On September 30, 2021, a University of Alabama at Birmingham medical team transplanted two pig kidneys into a brain-dead human recipient, a major step toward future pig-kidney transplants to people with kidney failure.
UAB physicians are already working on the next steps to begin a clinical trial of the pig kidneys in living humans. Two major approvals will be required.
The U.S. Food and Drug Administration protects public health by ensuring the safety and efficacy of drugs and biological products. UAB will need an Investigational New Drug Application, or IND, to administer the biological product — genetically modified pig kidneys — to humans.
Secondly, the UAB Institutional Review Board for Human Use, or IRB, established by federal regulations to protect human subjects in research, must review and approve the proposed clinical trial before the start of a Phase I trial to test that transplants are safe in living humans.
“We already have ongoing conversations with our IRB and have begun to develop our Phase I protocol,” said transplant surgeon Jayme Locke, M.D., director of the Comprehensive Transplant Institute in UAB’s Department of Surgery and lead surgeon for last fall’s transplant. “To have IRB approval for a Phase I trial, we are going to need FDA to accept an IND. We are in the process of gathering all of the information and putting that application together. The FDA can give approval for the biological product, in this case the pig kidney, but our institution’s IRB ultimately has the say for approval of the actual clinical trial.”
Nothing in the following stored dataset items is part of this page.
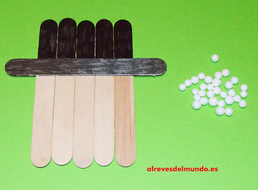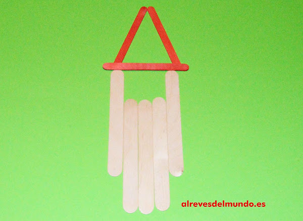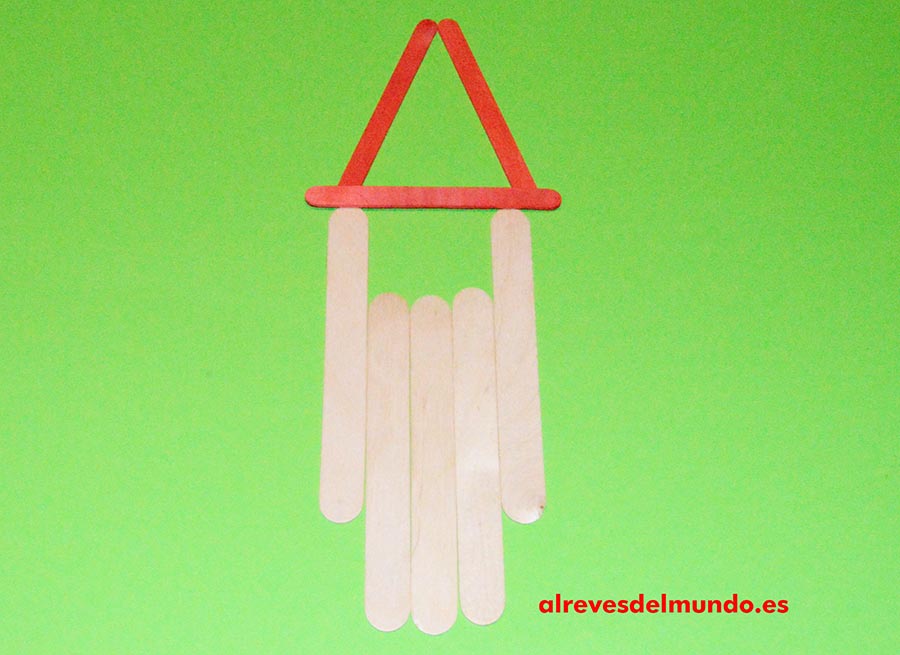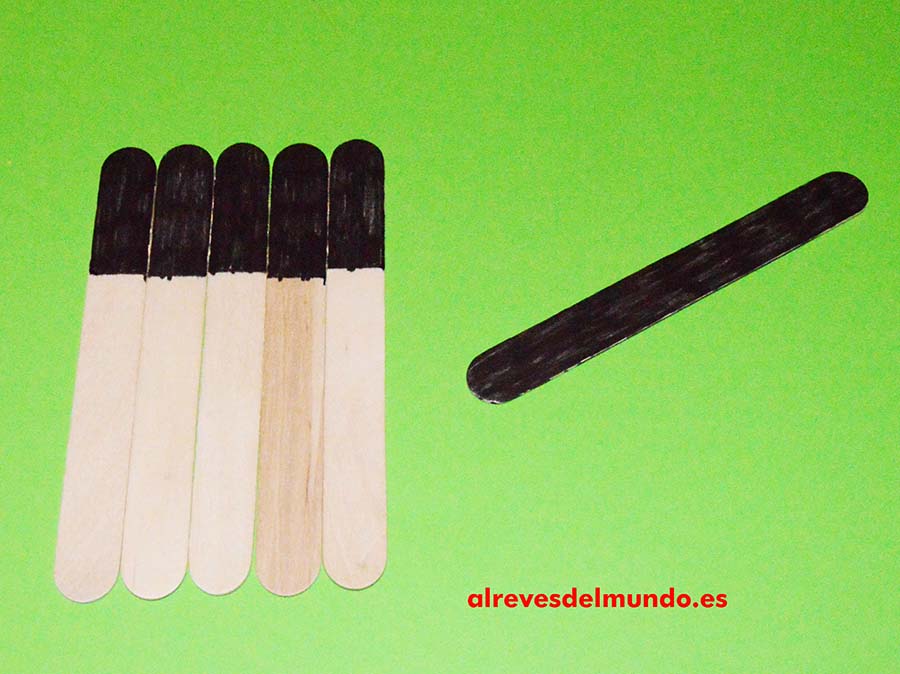 - Pegamos 5 palos de polo entre si y pintamos la parte de arriba (sera la chistera).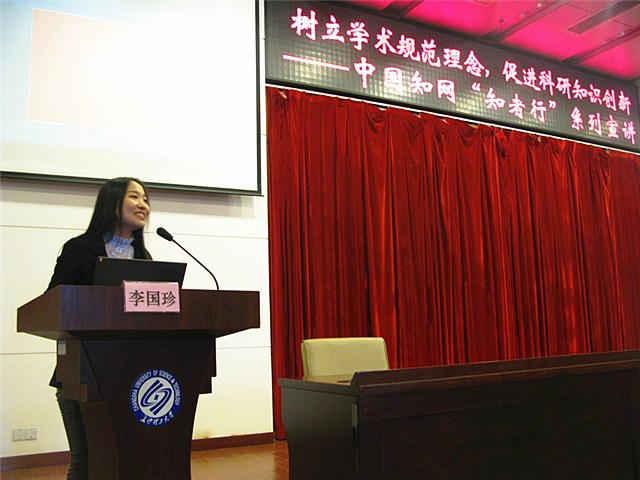 2月25日下午,中国知网“知者行”高校系列宣讲活动在雷竞技官网图书馆大报告厅举行。中国知网(CNKI)学位论文合作部编辑李国珍带来了题为“树立学术规范理念促进科研知识创新”的讲座。校党委委员、人文社科处处长杨鑫铨,研究生院院长管德清、副院长蒋菲,研究生导师代表、研究生教育管理工作人员和博、硕士研究生共300余人聆听了讲座。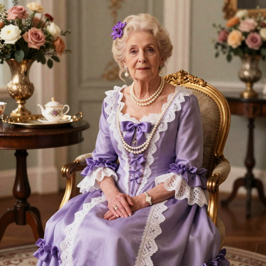 Elderly woman with blonde hair in an elaborate, Victorian-style purple dress with white lace trim and pearls, seated on an ornate gold chair. Background includes floral arrangements, a wooden table with tea set, and a side table with a tray. Her hands rest on her lap, and she wears a purple flower in her hair.

Members of the federally regulated IRB at UAB include faculty and staff with expertise in research, as well as people from the community. These can span physicians, scientists, nurses, bioethicists, lawyers and members of the clergy. The IRB’s guiding ethical principles are respect for persons, beneficence and justice.
In last September’s experiment, the pig kidneys came from a 10-gene-edited pig housed at a pathogen-free, surgically clean facility at UAB. In anticipation of a clinical trial, UAB is continuing to develop the herd to have sufficient numbers of 10-gene-edited pigs at the appropriate size for human use.
Development of the facility was a five-year collaborative effort with United Therapeutics and its subsidiary, Revivicor, who developed and provided the pigs. “There are already plans to size-up the facility as necessary,” Locke said.
UAB researchers purposefully did not announce last year’s September experiment — done under the umbrella of a UAB IRB study protocol — until this year’s Jan. 20 publication of their peer-reviewed study in the American Journal of Transplantation.
“Peer review is rigorous,” Locke said. “It ensures that critical questions have been answered and any limitations have been acknowledged. It’s the kind of rigor necessary for regulators to have comfort in issuing something like an IND, which we will need.”
“Our goal is not to have a one-off. Our ultimate goal is to get this into a Phase I clinical trial, to be able to move this towards FDA approval to make xenotransplantation broadly available to patients with kidney failure.”
Last fall’s transplant was designed and conducted to meet standards directly comparable to those that would apply to a Phase I clinical trial and mirrored — as much as possible — every step of a conventional transplant between humans. It included IRB and Institutional Animal Care and Use Committee approval, a tissue compatibility confirmation before starting the operations, using the standard procedures of human-to-human transplants to remove, preserve, transport and transplant the kidneys into a human, and giving the standard immunosuppression therapy to the recipient.
Looking further ahead
It is unknown whether the pig kidneys would just supply a bridge therapy until a later human organ is available, or would serve as a long-term destination therapy.
“We will only know the answer when we put the kidneys into a living person,” Locke said. “The brain-dead recipient model only takes it so far because ultimately the brain death catches up to the rest of the body.”
Whether bridge or a solution, Locke thinks pig kidneys will be better than being on dialysis. Forty percent of people on the human kidney transplant waiting list die within five years despite dialysis.
The wait to possibly be able to offer pig kidneys for the tens-of-thousands of people with end-stage renal failure who need kidney transplants will be longer than any first steps to transplant a pig kidney into a living human, even in the best of circumstances.
More than 800,000 Americans are living with kidney failure. Most never make it to the waiting list, and far too few human organs are available to put a dent in that number.
At UAB, Locke holds the Arnold G. Diethelm Endowed Chair in Transplantation Surgery in the Marnix E. Heersink School of Medicine.